*** Data extracts ***

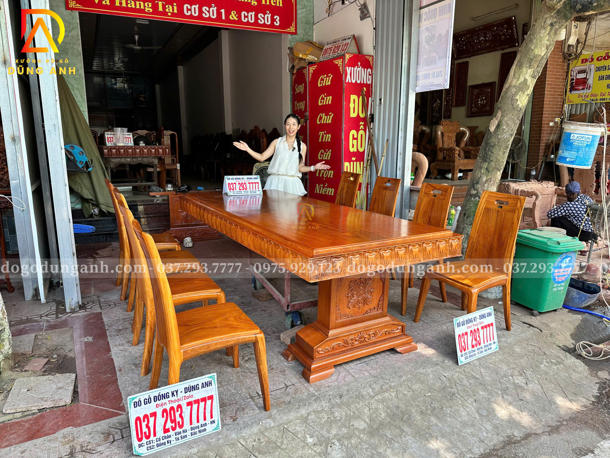 Bạn có thể yêu cầu điều chỉnh kích thước bàn, số lượng ghế hoặc chi tiết chạm khắc theo sở thích và không gian sử dụng. Chỉ cần liên hệ với Xưởng đồ gỗ Dũng Anh, mọi thiết kế sẽ được đáp ứng một cách linh hoạt và tận tâm.
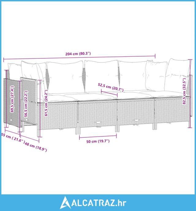 - Dimenzije jastuka za sjedalo (4-sjed sofa): 200 x 52,5 x 3 cm (Š x D x Deb.)
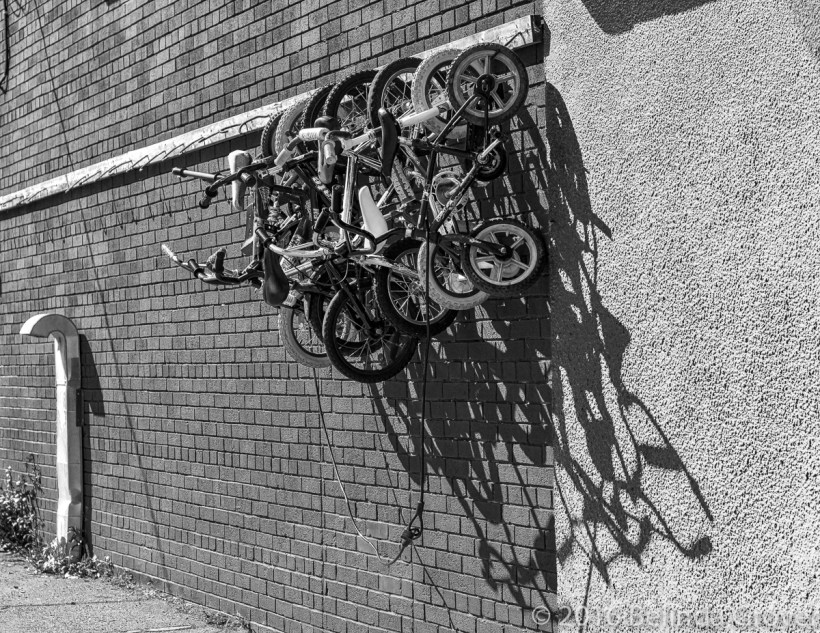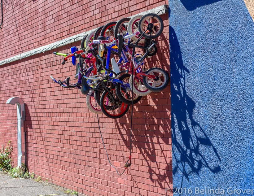 A neighbourhood bike shop got creative. The bikes suspended from the colourful wall look like a wonderful piece of art. A simple idea yet full of imagination. The owner even took precautions against theft as the bikes are locked into place. I liked the vibrant colours but with all the detail and texture in the wall I thought the photo would work in black and white as well.
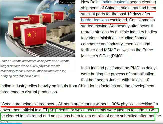 新德里、钦奈和孟买的海关经纪人协会的官员证实了这一进展。然而,一名了解事态发展的人士表示,周三(7月1日)开始,美国和韩国企业的进口许可仍将继续。官员们表示,已向海关当局提供了一份未经海关查验即可通关的公司名单。从6月22日起,印度所有港口和海关货运站的海关当局对所有从中国进口的货物进行了100%的强制检查,暂停了通关。尽管官方没有发出这方面的指示,但当局表示,正在根据有关情报警报进行检查。当时查验从钦奈开始,并很快蔓延到其它港口。除了医疗设备和汽车零部件,钦奈接收了大量进入印度的中国电子设备。
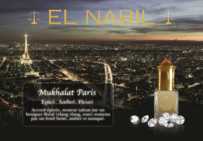 Parfum El Nabil "Mukhalat Paris" : Epicé, Ambré, Fleuri... Accord épicée, senteur safran sur un bouquet floral soutenu par un fond boisé, ambré et musqué.

*** End of Data extracts ***

| Activity |
Print, exactly as written, the lines above from the first one to the one containing "- Dimenzije jastuka". Leave out pictures.

| Task solution |
 Bạn có thể yêu cầu điều chỉnh kích thước bàn, số lượng ghế hoặc chi tiết chạm khắc theo sở thích và không gian sử dụng. Chỉ cần liên hệ với Xưởng đồ gỗ Dũng Anh, mọi thiết kế sẽ được đáp ứng một cách linh hoạt và tận tâm.
 - Dimenzije jastuka za sjedalo (4-sjed sofa): 200 x 52,5 x 3 cm (Š x D x Deb.)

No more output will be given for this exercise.